“Weet je wat het is”, zegt de scriba als hij daarna naar zijn auto loopt, “zo’n viering als dit is niet alleen een kerkdienst, maar ook een evenement. Wat doe je dan? Dan sla je samen aan het knutselen met de liturgie. Totdat je iets prachtigs hebt.”
Die laatste zin van het interview met opperscriba ds. Plaisier bij de viering van het tienjarig bestaan van de Protestantse Kerk in Nederland heeft mij aan het denken gezet. Over dat knutselen – voor het eerst door liturg Marcel Barnard gebruikt – zal ik niet vallen. Immers dat duidt op het samengestelde karakter van íedere soms eeuwenoude liturgische vorm. De liturgieën van verschillende kerken zijn een samenstelling van allerlei elementen uit andere tijden en tradities. Barnard noemt dat bricolage: het gebruiken van verschillende gereedschappen om een nieuwe eenheid te knutselen.
Combinatie
Wat mij trof was die combinatie van evenement en viering. Naar aanleiding van dat relletje over het knutselen en het optreden van een operazanger, musicalster en popband, zei de katholieke cultuurtheoloog Frank Bosman (Tilburg), dat hij de opzet van de dienst bijzonder interessant vond. “Maar ik kan je vertellen: in de rooms-katholieke kerk zou het ondenkbaar zijn. Wie over de drempel van de kerk stapt, gaat een ander taalveld binnen, neemt een andere houding aan. De kerk wil een contrast bieden tegen het leven van alledag. Daarbij passen moeilijk liedjes die je al hoort op Radio 538 of Q-music. De liturgie is bedoeld als een rechtstreekse verwijzing naar het transcendente, zonder geforceerde interpretaties.”

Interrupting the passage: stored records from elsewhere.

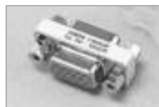
High Density D-Sub (SVGA) Mini Gender Changers & Port Saver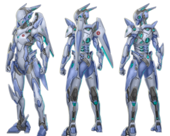
Ke-M2-4 Series "Mindy" Armor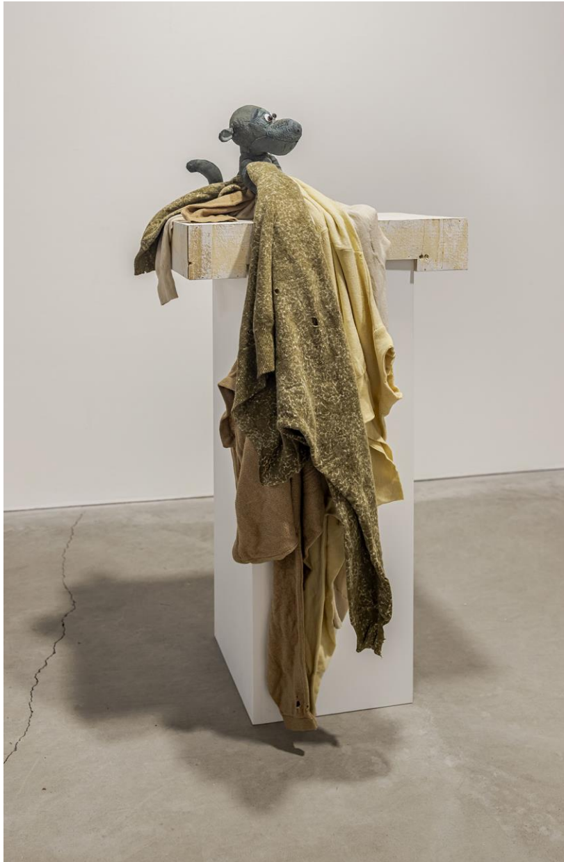
Liz Magor Jumpers (light) , 2023 wool garments, textile figures, plywood, wire, polyfibre moths 119.5 x 48.5 x 61 cm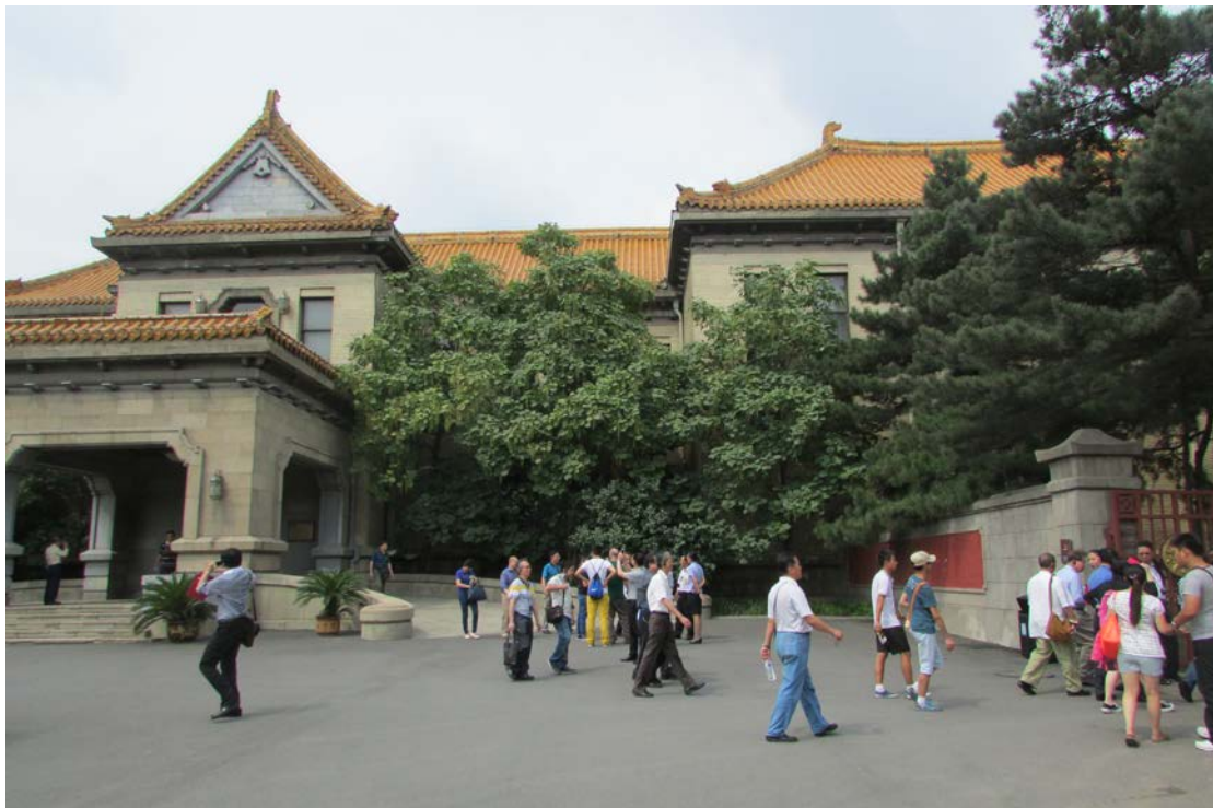
The last emperor's Palace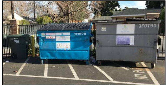
Examples of container placement for containers to be serviced with direct drive up access.

What street will RSMC trucks be servicing from? _____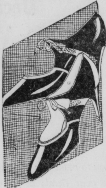
Star Brand Shoes are Better

High in quality, stunning in style—Straps, Pumps, Ties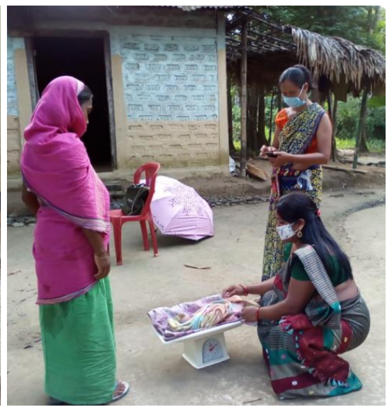
Measuring weight - height & MCP card discussion during ANC and PNC visit tracking under Project Arogya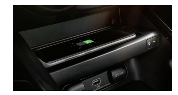
Wireless charging<sup>1,3</sup> keeps your smartphone charged while you're on the road.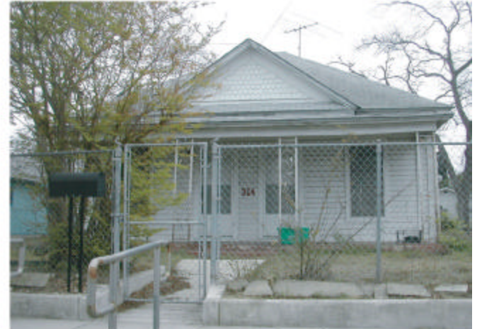
22 314 Floyd Avenue Year Built: 1909 Total Lot Square Footage: 12,500 Living Area Square Footage: 1,164 Characteristics: Attached Open Porch, Wood Siding, Detached Garage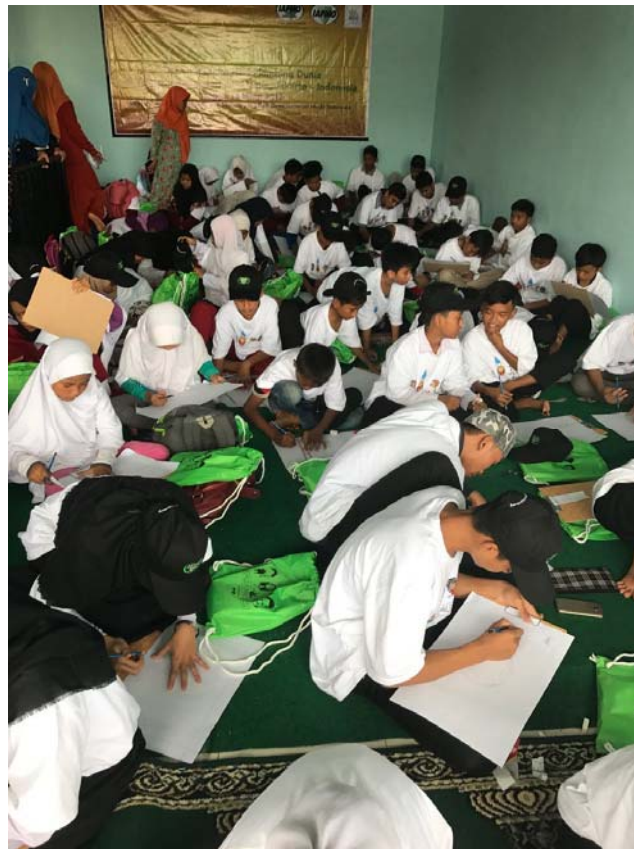
Children in Indonesia participating in the poster contest.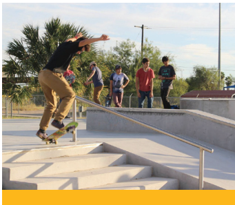
RGC SKATE PLAZA 1473 Stephen, Saenz St, Rio Grande City, TX 78582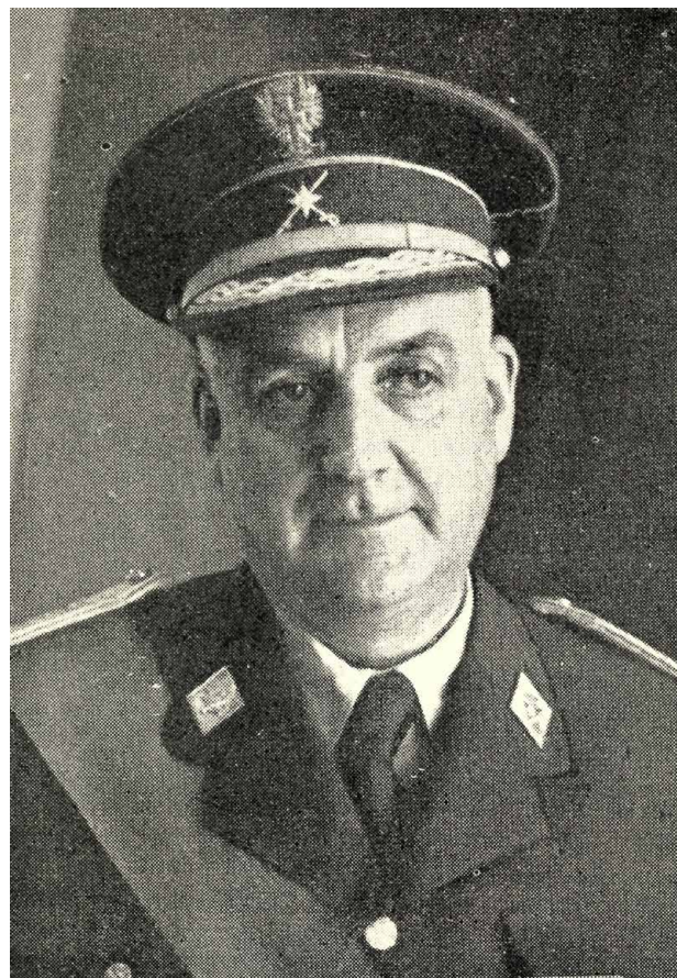
Figure 3. José María Fernández Ladreda, as he appeared in Ión , 1945, 49(5), p. 415. Author's private collection.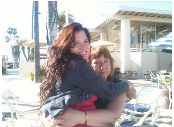
Oh yeah, that cute Mother-Daughter Act again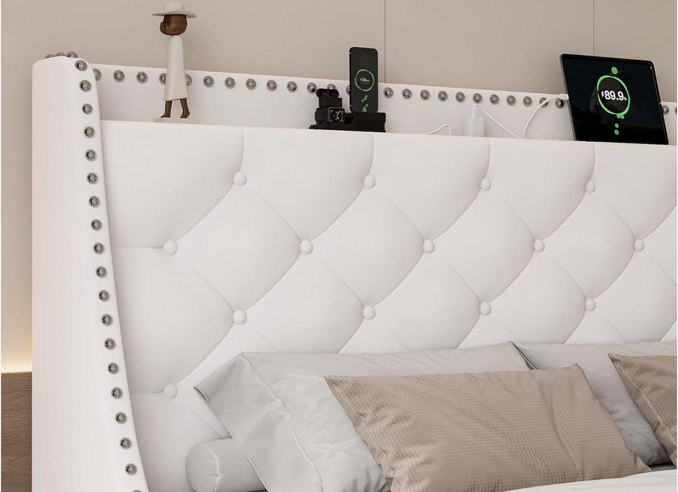
Image: A detailed view of the headboard's construction, emphasizing the use of top-quality linen, high resilience foam, and breathable fabric for comfort and durability.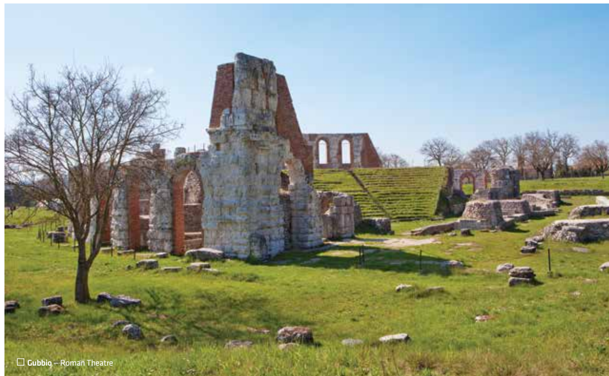
□ Gubbio – Roman Theatre

Inderdaad ik wil een drempel over gaan, opgenomen worden in een ruimte, die mij helpt in mijn verlangen, zoeken en ervaren van het Geheim van deze werkelijkheid-anders. Maar mijn probleem is niet, dat er in de liturgie soms iets uit de seculariteit wordt gebruikt met de bedoeling om het thema of de ervaring van transcendentie te ondersteunen of daarop een nieuw licht te werpen.
Maar het is die die combinatie van evenement en liturgie. Ik vroeg me af of dan nog wel de gelegenheid geboden wordt een drempel over te gaan. Soms voel ik me vervreemd als toeschouwer bij een vervlakking van liturgie tot relitainment. Natuurlijk aan een evenement is soms wel wat te beleven, maar niet of minder te ervaren. Wat was het doel van de PKN met het opnemen van seculiere elementen in die jubileumviering? Was dat gericht op de verwijzing naar ‘Het Geheim’?
Fotoshoot van ‘liturgen’
Vorig jaar schreef ik enkele kolommen over liturgische kleren. Kort gezegd: ze dienen om de voorganger wat los te maken van persoonlijk en hoogst individuele trekken en hem of haar vóórganger te laten zijn. Het liturgisch gewaad heeft niets te maken met ambtsmacht, integendeel. Allen die een taak hebben in de liturgie zouden zoiets moeten dragen. Het kleed gaat dan ook weer op de kleerhanger zodra we de drempel naar de dagelijkse werkelijkheid zijn over gegaan. Een Remonstrantse – uit een kerk met sobere liturgische vormen – had dat goed begrepen. Ze vond het onpassend, wanneer de dominee in toga naar het koffiedrinken ging.
Daarom ben ik geschrokken en voelde me beschaamd bij het zien van de groepsfoto van de deelnemers aan een predikantendag op de Dam in Amsterdam. Een bonte verzameling exotische geborduurde jurken met stola’s in alle kleuren van de regenboog. Daarboven ginnegappende, trotse, zelfverzekerde, lachende ‘kijk mij eens’ koppen. Heeft men wel begrepen of in de theologische opleiding geleerd, waar liturgisch mantels voor dienen? Heeft men wel begrepen wat liturgie bedoelt te zijn en wat de rol van al deze verklede mensen daarin is? Heeft men nog gevoel voor het onderscheid tussen Liturgie en evenement? Ik vergrootte de foto en zag op de achterste rij een paar dominees in hun doordeweekse kloffie. Zo hoort het als dominee op de Dam.